Patrick Mizelle — Leading Age

Patrick Mizelle

Jacarandas, by Patrick Mizelle

[Editor’s Note: In February 2021, Patrick’s story was in a writing contest sponsored by Leading Age.]

Myra woke one morning at the end of May to sunshine pouring in around her bedroom curtains. She sensed the rainy season was finished at last as she threw open her windows to dazzling skies of cloudless cerulean blue. It felt marvelous to breathe. The jacaranda trees would be putting out the first of their astonishing purple blooms, she knew.

Breakfast and ablutions done, Myra dressed in a suit of jacaranda blue over a creamy silk blouse. She chose some faux amethyst beads and earrings and fixed a bright enamel monarch butterfly pin on the lapel of her jacket. Her shoes were sensible, black, “old lady” shoes, but there was no help for that, she thought, and felt good about her turn-out anyway.

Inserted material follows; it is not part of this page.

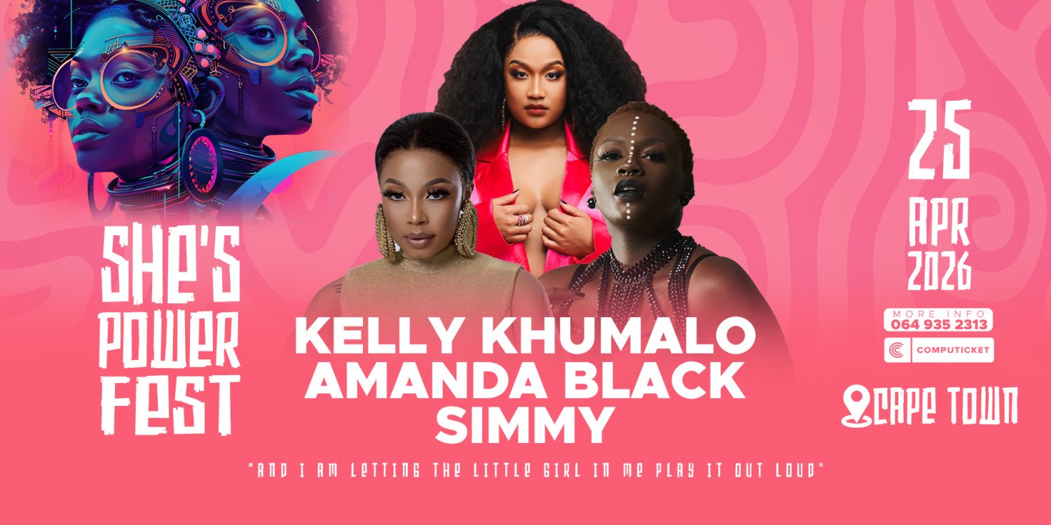 She's Power Fest is a celebration of women who rise, create and lead with strength and grace. Join us on 25 April 2026 at the historic Castle of Good Hope in Cape Town (1:00 PM ? 8:00 PM) for a vibrant day of live performances by Kelly Khumalo, Amanda Black and Simmy, interactive fashion showcases, empowering workshops and community activities that amplify voices and honour resilience. Express yourself in colour, embrace unity and diversity, and be part of a movement that turns every moment into a powerful statement. Tickets include General Access and Priority Entry options ? come ready to celebrate individuality, creativity and empowerment.

She made her way to the front desk of the Golden Days Retirement Village to meet her driver, who took her downtown for a doctor’s appointment. Doctor Brinks had told her last month that the double vision she’d been experiencing was a small but inoperable glioma. Not to worry for a while, he’d said…”We can slow it down so that you have at least another good year or so before things begin to get ugly.”

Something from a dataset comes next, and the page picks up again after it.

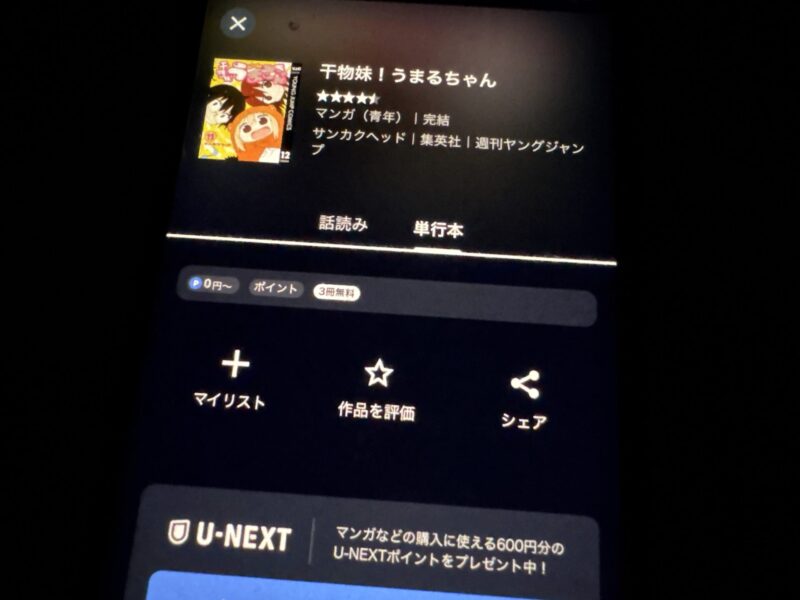 動画配信サービスであるU-NEXTでは、アニメが見放題なだけでなく無料トライアルでもらえる600ポイントを利用して最新刊を無料で読むことができます。

Myra had no doctor appointment today, however. As soon as the driver pulled away, she caught a bus out front of the medical center. Half an hour later, she transferred to the excursion bus that would take her to her destination in another hour and a half.

The bus made only a few stops, so Myra settled back into her window seat. She thought again of the jacarandas, so vivid in her mind. When she was young and working in L. A., she’d loved to take a bag lunch to work and sit on a park bench beneath those glorious trees to eat it every day during their season. Some fusspots complained about the mess once the blooms began to drop in earnest, but she spent her lunch breaks in wonder until the very last flower fell.

One day, a man she didn’t know but recognized from the office asked if he could join her on her bench. They had brought the same kind of sandwich, a conversation ice-breaker, then found they had a lot to talk about. His name was Burke: a solid, manly name, she thought, to go with his good looks. He began to join her every day for lunch, and, when the flowers finished, they went out together. Engagement and a long, happy, if childless, marriage followed, until five years ago when Burke had quietly dropped dead from a heart attack at
church one Sunday. She hadn’t even known that he was dead until the congregation rose to sing.

Such were Myra’s reveries until the bus pulled up at the historic lodge halfway up Mt. Hood. Large patches of snow lay about, but the sun was still fierce in a clear sky. Myra got out and treated herself to the pricey but delicious buffet in the dining room. After lunch, she spent an hour or so with a glass of wine in front of the roaring fire in the lobby’s great stone fireplace before heading out for a walk.

Myra angled up the mountain more or less in a westerly direction as the late afternoon wore on. She paused frequently to admire the long views over the Cascades and the Willamette Valley. The air was so clear! Such a mercy there was no wind.